Optimistic signals emerged from Thursday’s meeting between US Treasury Secretary Scott Bessent and EU Trade Chief Maroš Šefčovič. Bessent, noting the eve of July 4th celebrations, expressed the US’s desire for “a lot more trade deals.” The intensity of these high-level discussions will continue with US Commerce Secretary Howard Lutnick and US Trade Representative Jamieson Greer, with expectations for “diligent” work throughout the weekend.

The urgency stems from President Donald Trump’s ultimatum: 50% tariffs on all EU goods by July 9th unless a deal is struck.
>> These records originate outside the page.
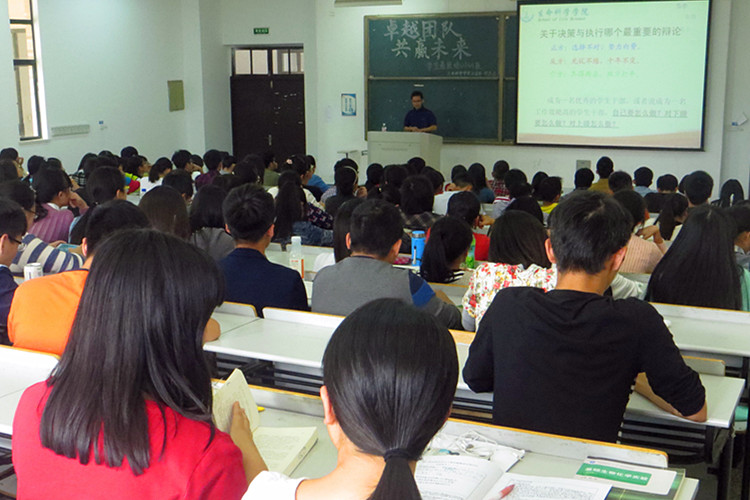 校新闻中心主任潘垚老师通过丰富的实例,为学生干部详细介绍了新闻简讯的写作方法和技巧,并讲解如何采集高质量新闻照片,切实提高写作能力与新闻素养。学院辅导员翁添富老师就如何提升决策力与执行力作了专题辅导讲座。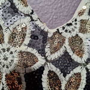 Gold and black sequin fit and flare party dress. Lined with a back zipper. Size 3x. Please use measurements as there is no stretch. Measures: 35" length, 24.5"chest, 21" waist.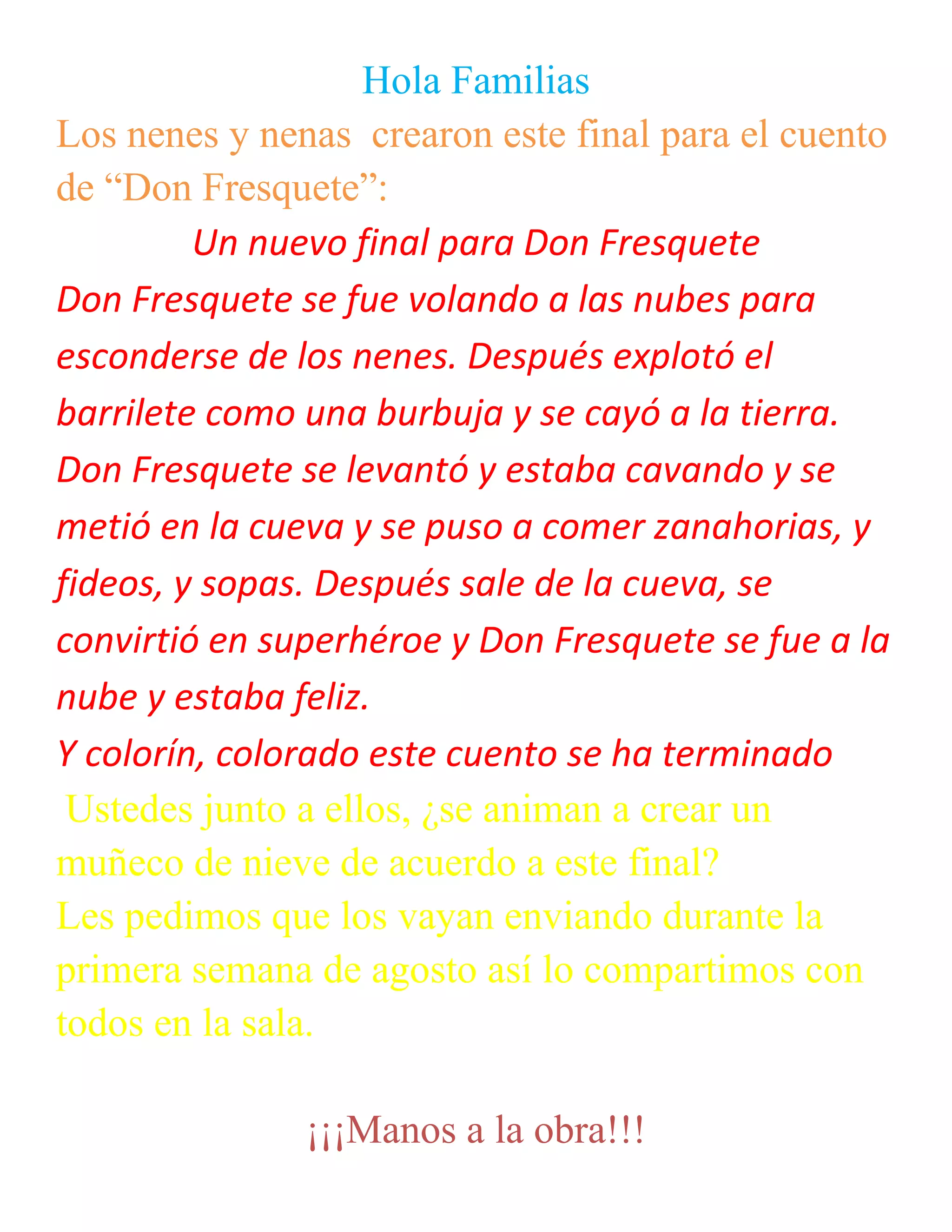 Los niños crearon un nuevo final para el cuento de "Don Fresquete" donde vuela entre las nubes para esconderse de los niños, su cometa explota y cae a la tierra, luego emerge de una cueva comiendo y se convierte en superhéroe. El documento invita a los padres a crear un muñeco de nieve basado en este final e incluye un enlace al cuento original narrado por María Elena Walsh.

This would represent a significant escalation from current tariffs, which include 10% on most EU products and 25% on cars. German Chancellor Friedrich Merz has consistently advocated for a quick, “UK-style” agreement in principle, emphasizing that a swift resolution to the tariff dispute is more important than a minutely detailed trade deal.

The EU is seeking a “standstill clause” in any extended negotiations to prevent new tariffs. While some believe a deal could be reached as early as Friday, offering Trump a celebratory announcement on Independence Day, complexities persist. Past discussions revealed extensive US “grievances,” and the latest US proposal reportedly lacks specifics on American concessions, particularly concerning the EU’s “red lines” on strategic sectors like pharmaceuticals and semiconductors, economic purchases, and non-trade barriers.